Dominique Riban : Initialement, une enveloppe de 1,5 million d’euros a été débloquée pour financer l’achat de matériels. Quant au budget de fonctionnement annuel, il sera probablement aux alentours de 300 000 à 400 000 euros par an. Cette enveloppe sera nécessaire pour payer les licences, et la maintenance notamment.

L’agence sera-t-elle opérationnelle 24h/24, 7 jours sur 7 ?

Dominique Riban : Dans un premier temps non, car nous n’aurons pas suffisamment d’ingénieurs au sein de l’agence. Elle ne sera opérationnelle 24h/24 et 7 jours sur 7 que si le niveau de menace est élevé.

Certains craignent que l’AMSN serve aussi à faire de l’espionnage. Que répondez-vous ?

Dominique Riban : Que c’est absolument faux. L’AMSN tout comme l’ANSSI, n’est pas du tout une “NSA monégasque”. Nous ne sommes absolument pas un service de renseignements. D’ailleurs, si l’on m’avait demandé de faire du renseignement, j’aurais clairement refusé. Ce n’est ni dans mes compétences, ni dans mon état d’esprit. La France a fait le choix de séparer les deux entités : le renseignement d’un côté, et la sécurité numérique de l’autre. Je pense que Monaco a très bien fait de suivre cet exemple. Car avec une agence comme la nôtre, on acquiert assez facilement la confiance, non seulement des services de l’Etat, mais également des opérateurs. Précisément parce que l’agence n’est pas un service de renseignements. Cela change beaucoup les rapports.

Cela signifie que certains pays mélangent la sécurité numérique et le renseignement ?

Dominique Riban : Oui. C’est le cas aux Etats-Unis ou encore en Angleterre. Et lorsque l’on est face à un service de renseignements, il ne faut surtout pas être dupe. C’est ce qui me fait souvent dire que l’on a des faux amis, mais aussi des vrais ennemis…

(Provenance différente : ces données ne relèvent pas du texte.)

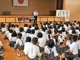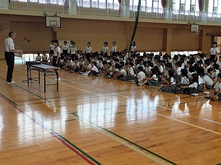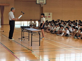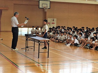 | ☆10月14日(土) ○全校集会がありました(10/13金) 【校長先生の話】 ・「ものを大切に」をテーマに話がありました。 ・学校の落とし物コーナーはいつもたくさんのものであふれています。傘忘れや一輪車の片づけ忘れもあります。 【校長先生の鉛筆削り(50年以上使用)】 ・校長先生が小学校入学祝いに買ってもらった鉛筆削りを、今で大切に使っていることを話されました。 ・「自分のもの」「みんなのもの」を大切にしていきましょう。 ★表彰(八代少年スポーツ大会) 【バドミントン部の表彰】 【卓球部の表彰】 【陸上部の表彰】 ★練習の成果を発揮して、素晴らしい成績をのこすことができました。おめでとうございます。 |

On a le sentiment que la cybercriminalité continue de prospérer dans une vaste impunité. Est-ce effectivement le cas ?

Dominique Riban : Il est très difficile en effet d’identifier l’auteur d’une cyberattaque. C’est toute la difficulté du cyberespace car il n’y a absolument pas de frontières. De plus, il est rare qu’un hacker attaque de son propre poste. Il utilise des postes anonymisés, avec des faux noms, qui attaquent d’autres postes, et à partir de ces postes, ils attaquent leur cible finale. Cela peut faire le tour de la terre… Par exemple, le malware qui a été utilisé pour l’attaque de TV5 Monde est d’origine russe d’après la presse française. Est-ce que ça veut dire que ce sont les russes qui ont attaqué ? Pas forcément. Il est donc très difficile d’identifier le commanditaire.

Frédéric Fautrier : Il n’y a pas d’impunité totale non plus. Pour tout ce qui concerne la cybercriminalité, des organismes internationaux se sont structurés. Il y a d’abord les Nations Unies qui travaillent beaucoup sur ces sujets, en terme de suivi et de répression. Il y a également Interpol qui a monté son propre CERT (Computer Emergency Response Team). Europol a fait une démarche similaire pour pouvoir enquêter au-delà des frontières nationales.

Que pensez-vous des Anonymous ? Peut-on parler de “hacker citoyens” ?

Dominique Riban : Lorsque j’étais jeune et que l’on voulait contester quelque chose, on allait devant la préfecture pour faire un sitting… Les Anonymous font, en quelque sorte, du sitting moderne… Mais au lieu de se déplacer, ils font cela depuis leur salon avec une bière à la main. Ils ne sont pas malveillants. Ils cherchent à faire passer des messages, souvent politiques.

(1) Selon le département de l’Intérieur, entre octobre 2013 et juin 2014, 46 escroqueries et tentatives d’escroquerie au président ont été commises à l’encontre de sociétés monégasques. 23 ont fait l’objet d’un dépôt de plainte. Et parmi ces 46 tentatives, 3 ont atteint leur but. « Les virements demandés étant compris le plus souvent entre 400 000 euros et 1 000 000 euros, les sociétés victimes subissent un préjudice du même ordre, voire supérieur, lorsque plusieurs virements sont effectués », nous a précisé le gouvernement.